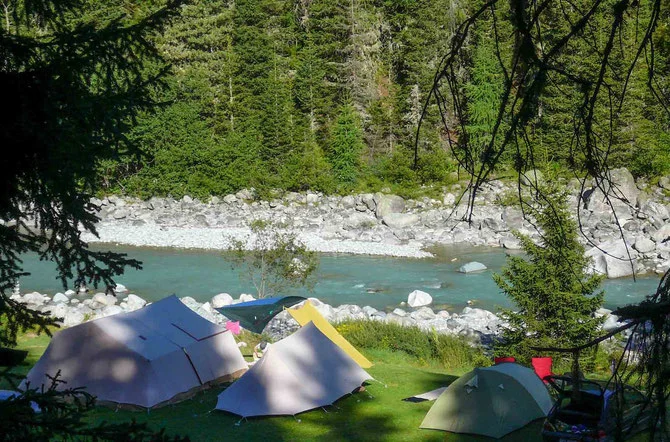 About 2,000 meters up in the Swiss Alps, Arolla is a spacious site composed of grassy terraced pitches. It is the highest campsite in Europe. Located near the Matterhorn, it’s a good spot for both challenging climbs and easier walking routes. Features fantastic views of the 4,000-meter north face of Mont Collon and the Pigne d’Arolla.
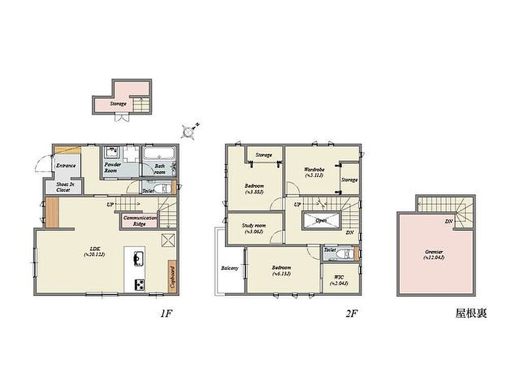 建物構造 | 木造/2階建 | 間取り詳細(帖) | リビングダイニングキッチン 20.1帖(1階)洋室 6.1帖(2階)洋室 3.8帖(2階)収納 3.1帖(2階)収納 5.1帖(2階)その他 12.1帖(3階) | ||
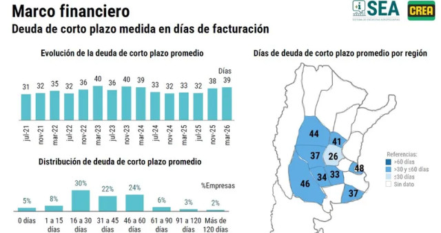 Se observa un crecimiento de la deuda de corto plazo de las empresas lecheras medida en días de facturación, con un 35% de la muestra que cuenta con compromisos equivalentes a más de 46 días de ingresos.
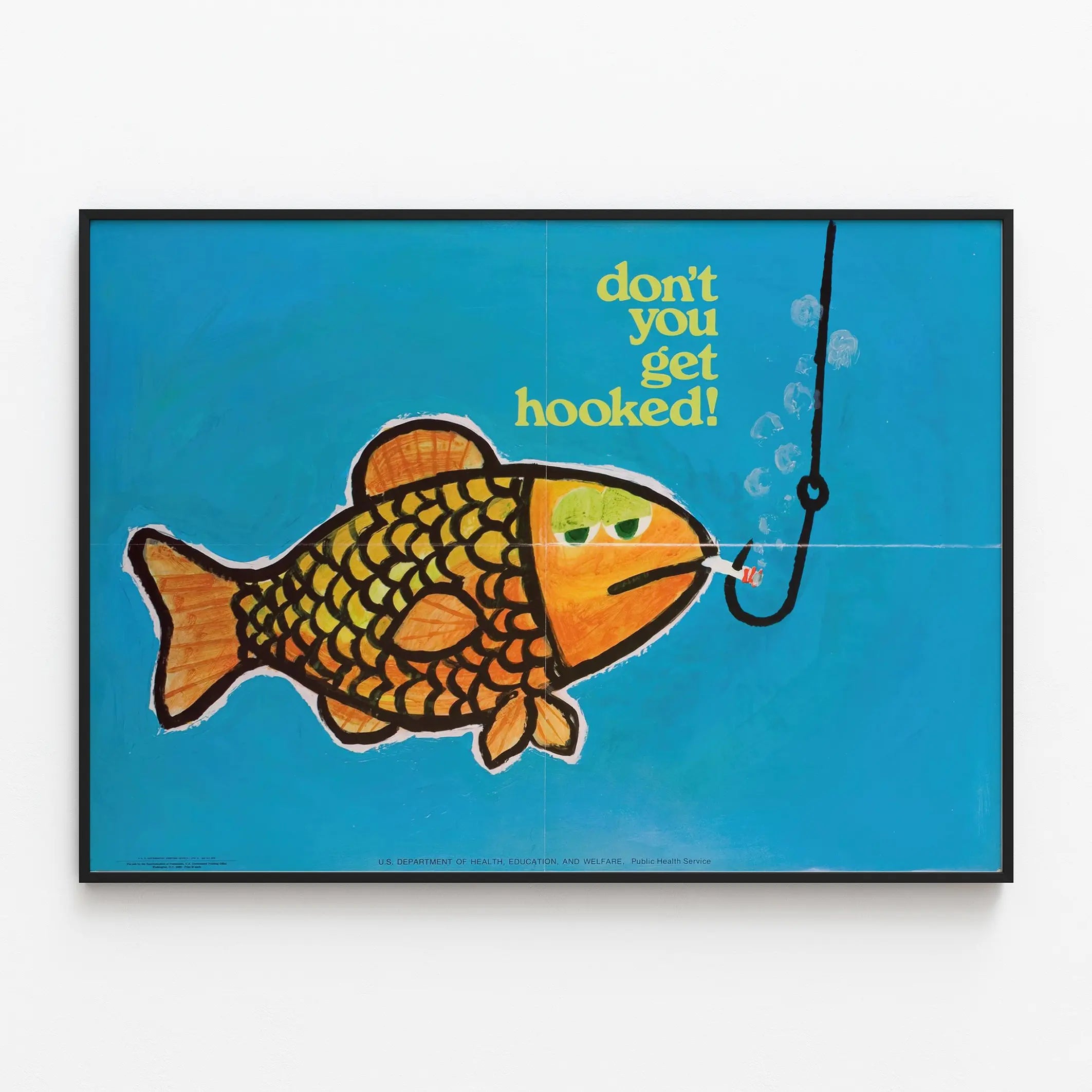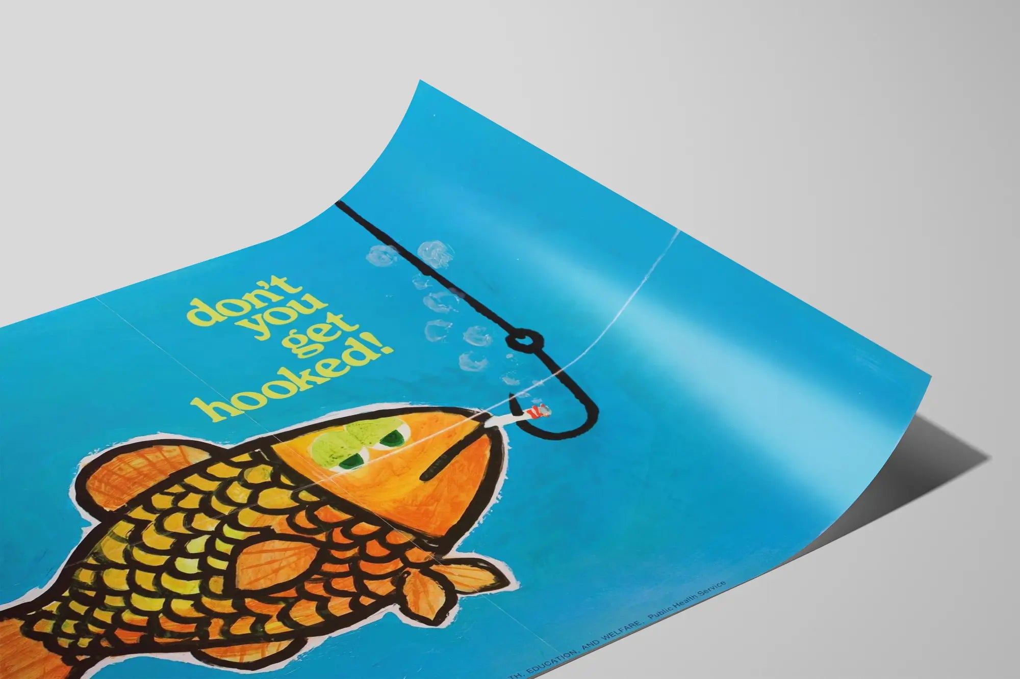 Plakat dekoracyjny z kolorową rybą, haczykiem i wiadomością
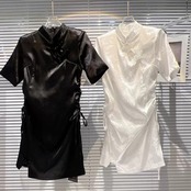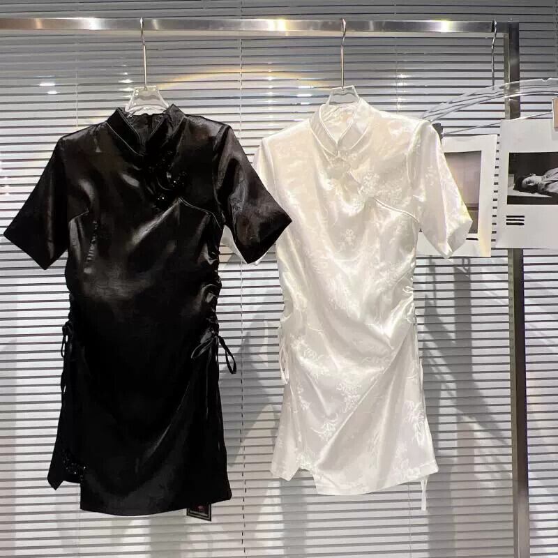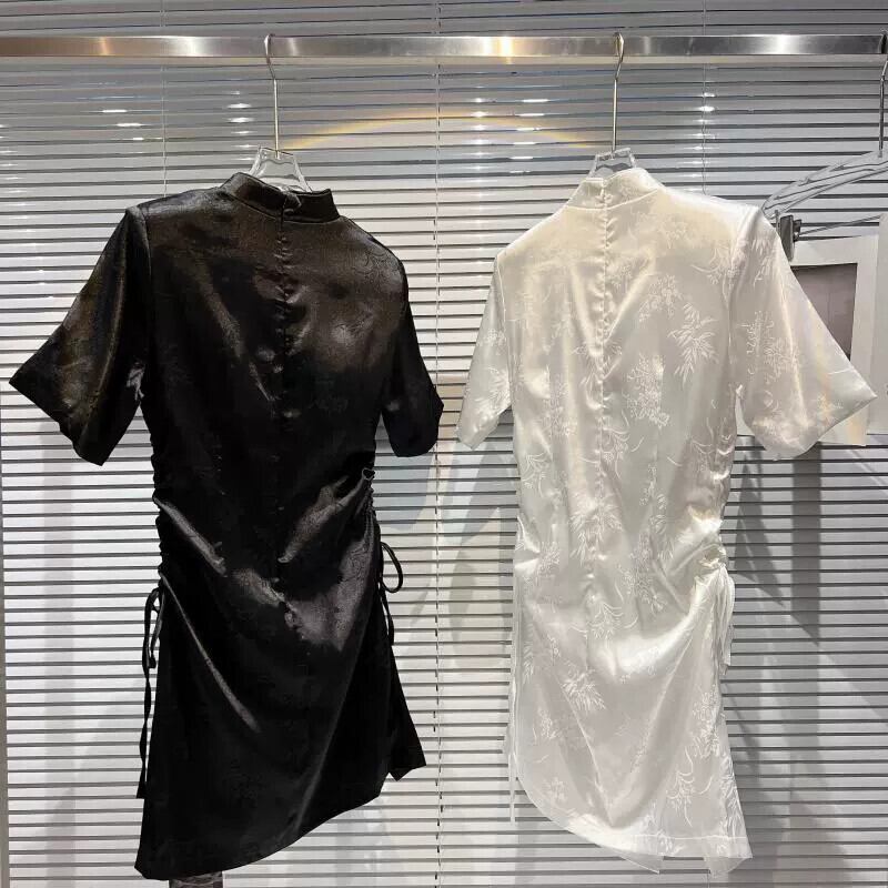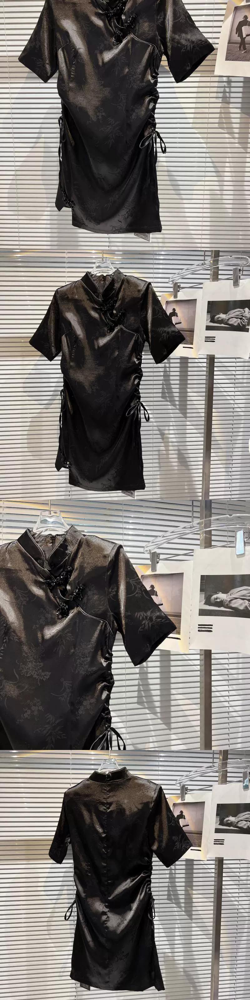 インターネットセレブと同じスタイル 2024 春の新スタイル小さな香りスタイルレトロバックル花柄ダークパターンサイド巾着チャイナスカートドレス スプリング 春物 gyan3323642736107 | vestitialla
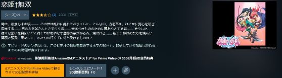 Amazonプライムはアニメ「恋姫†無双」は無料で視聴できませんが、関連動画やシリーズ作品には見放題で配信されているものもあります。
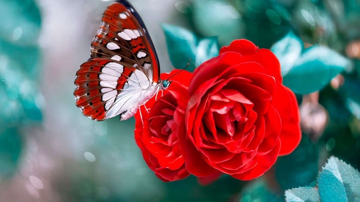 Бабочка на розе
####################
### What you have to do
Repeat the material above word for word; no images go in the copy.

### Answer area
 About 2,000 meters up in the Swiss Alps, Arolla is a spacious site composed of grassy terraced pitches. It is the highest campsite in Europe. Located near the Matterhorn, it’s a good spot for both challenging climbs and easier walking routes. Features fantastic views of the 4,000-meter north face of Mont Collon and the Pigne d’Arolla.
 建物構造 | 木造/2階建 | 間取り詳細(帖) | リビングダイニングキッチン 20.1帖(1階)洋室 6.1帖(2階)洋室 3.8帖(2階)収納 3.1帖(2階)収納 5.1帖(2階)その他 12.1帖(3階) | ||
 Se observa un crecimiento de la deuda de corto plazo de las empresas lecheras medida en días de facturación, con un 35% de la muestra que cuenta con compromisos equivalentes a más de 46 días de ingresos.
 Plakat dekoracyjny z kolorową rybą, haczykiem i wiadomością
 インターネットセレブと同じスタイル 2024 春の新スタイル小さな香りスタイルレトロバックル花柄ダークパターンサイド巾着チャイナスカートドレス スプリング 春物 gyan3323642736107 | vestitialla
 Amazonプライムはアニメ「恋姫†無双」は無料で視聴できませんが、関連動画やシリーズ作品には見放題で配信されているものもあります。
 Бабочка на розе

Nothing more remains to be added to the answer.